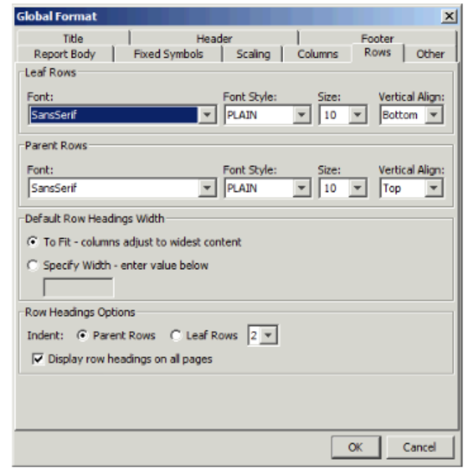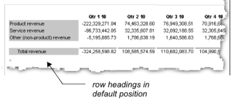 | row formats | You can change the row heading formats as well as the row heading widths in a report. |
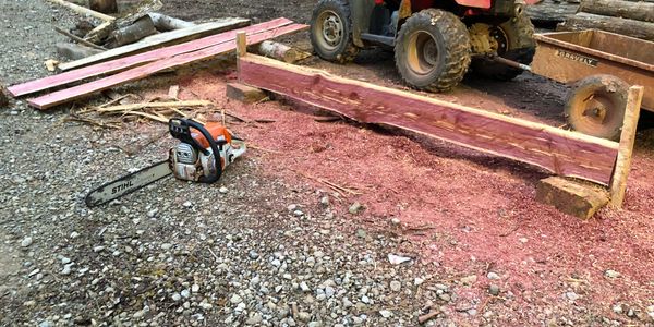 Most of my woodworking projects, are created from wood, that I have milled myself. Currently the process involves a chainsaw and "Gramps" vintage band saw. I find the wood on our property, or neighbors/family/friends. Most wood is harvested from trees blown down in storms.
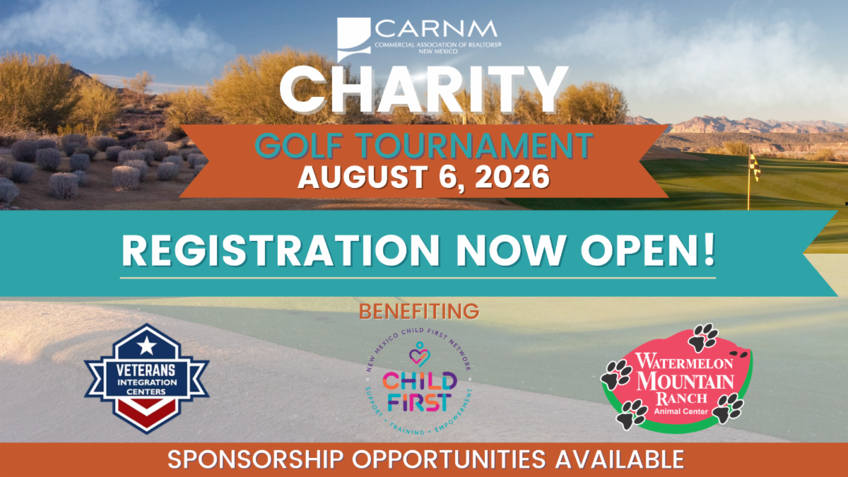 The Commercial Association of REALTORS® New Mexico invites you to the 2026 Annual Charity Golf Tournament at Twin Warriors Golf Club on Thursday, August 6, 2026. Whether you’re registering as an individual, bringing a full foursome or would like to sponsor, we hope you’ll join us for an incredible day of networking, golf, and community outreach.
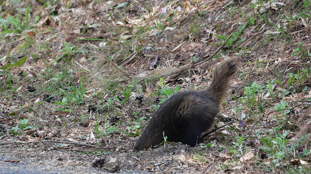 グセリながら時折地面に舞い降りて、木々から落ちた幼虫を捕食していました。

◆ WHAT YOU SHOULD DO
In the data above, find the line with "The Commercial Association" and repeat it and every line after it through the end, exactly; leave the pictures out.

◆ RESPONSE BOX
 The Commercial Association of REALTORS® New Mexico invites you to the 2026 Annual Charity Golf Tournament at Twin Warriors Golf Club on Thursday, August 6, 2026. Whether you’re registering as an individual, bringing a full foursome or would like to sponsor, we hope you’ll join us for an incredible day of networking, golf, and community outreach.
 グセリながら時折地面に舞い降りて、木々から落ちた幼虫を捕食していました。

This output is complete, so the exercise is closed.